IMF suggests measures for ‘independent monetary policy’ for Qatar
The International Monetary Fund (IMF) has suggested a series of measures, such as deepening financial markets and tackling balance sheet vulnerabilities, to allow Qatar to pursue a more independent monetary policy over the long term, even if interest rate policy exchange rate remains a “credible monetary strategy”. anchor”.
In its Article IV consultation with Qatar, the IMF found that the country’s exchange rate peg continues to serve Qatar well.
The Bretton Woods Institution’s assessment found that the peg is a “credible monetary anchor”, which will be further supported by fiscal consolidation and competitiveness-enhancing reforms.
A more flexible exchange rate regime would have a limited effect on external competitiveness since 87% of Qatar’s exports are made up of hydrocarbons and could generate significant uncertainty and negative effects on the balance sheet (forex accounting for 17% and 32% respectively). % of banks’ assets and liabilities) , It said.
Given the strength of the recovery and the abundance of liquidity, the IMF supported increases in the Qatar Central Bank’s key interest rates, following the measures taken by the United States Federal Reserve, which, together with the reduction zero rate repo facility, should help reduce excess liquidity and strengthen monetary policy transmission, he said, noting that since March 2022, the QCB has increased the deposit rate by 50 basis points (basis points), the lending rate of 25 basis points and the repo rate of 75 basis points.
QCB Governor HE Sheikh Bandar bin Mohamed bin Saud al-Thani recently told the Qatar Economic Forum, powered by Bloomberg, that the exchange rate policy serves the economy “very effectively”, adding that he does not expects no change in exchange rate policy. .
The monetary policy of the country has been linked to the policy of the US Federal Reserve due to the fixed exchange rate of the riyal with the dollar.
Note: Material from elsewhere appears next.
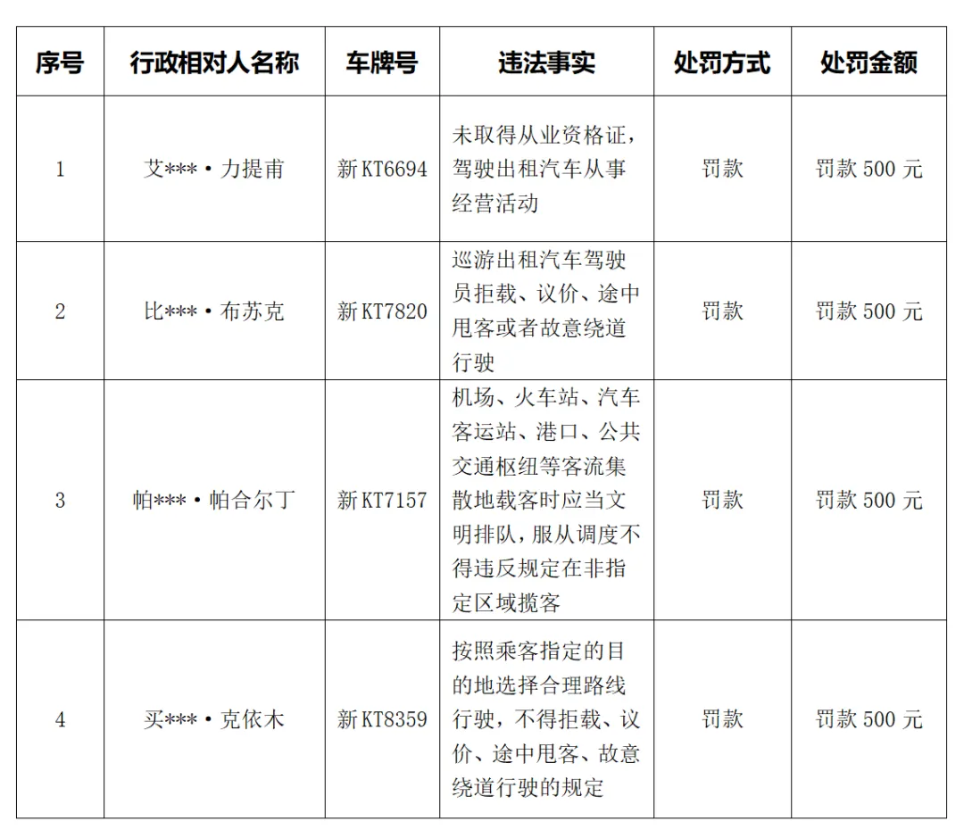 为进一步规范高昌区出租客运市场秩序,提升城市公共交通服务质量,保障乘客合法权益,根据《巡游出租汽车经营服务管理规定》的相关要求,我局对2025年4月23日到6月17日期间查处的违规运行的巡游出租车及驾驶员通告如下:

“To pave the way for a more independent monetary policy when it becomes appropriate in the long term,” the IMF recommended strengthening liquidity management through better liquidity forecasting and coordination between fiscal authorities, the Qatar Investment Authority ( QIA) and the QCB.
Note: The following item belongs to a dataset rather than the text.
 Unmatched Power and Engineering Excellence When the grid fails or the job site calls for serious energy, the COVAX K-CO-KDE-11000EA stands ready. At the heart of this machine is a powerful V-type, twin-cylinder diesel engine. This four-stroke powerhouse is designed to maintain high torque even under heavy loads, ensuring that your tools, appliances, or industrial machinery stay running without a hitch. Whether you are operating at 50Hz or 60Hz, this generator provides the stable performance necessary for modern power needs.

The measures also included steps to deepen financial markets to improve monetary transmission; and contain balance sheet “vulnerabilities” related to exposure to exchange rate risk.
“Containing banks’ exposure to external liabilities and deepening financial markets would help reduce vulnerabilities and improve monetary transmission,” the IMF report said.
The QCB noted its work to establish liquidity forecasts in coordination with relevant government agencies to promote a proactive liquidity management framework and strengthen monetary policy.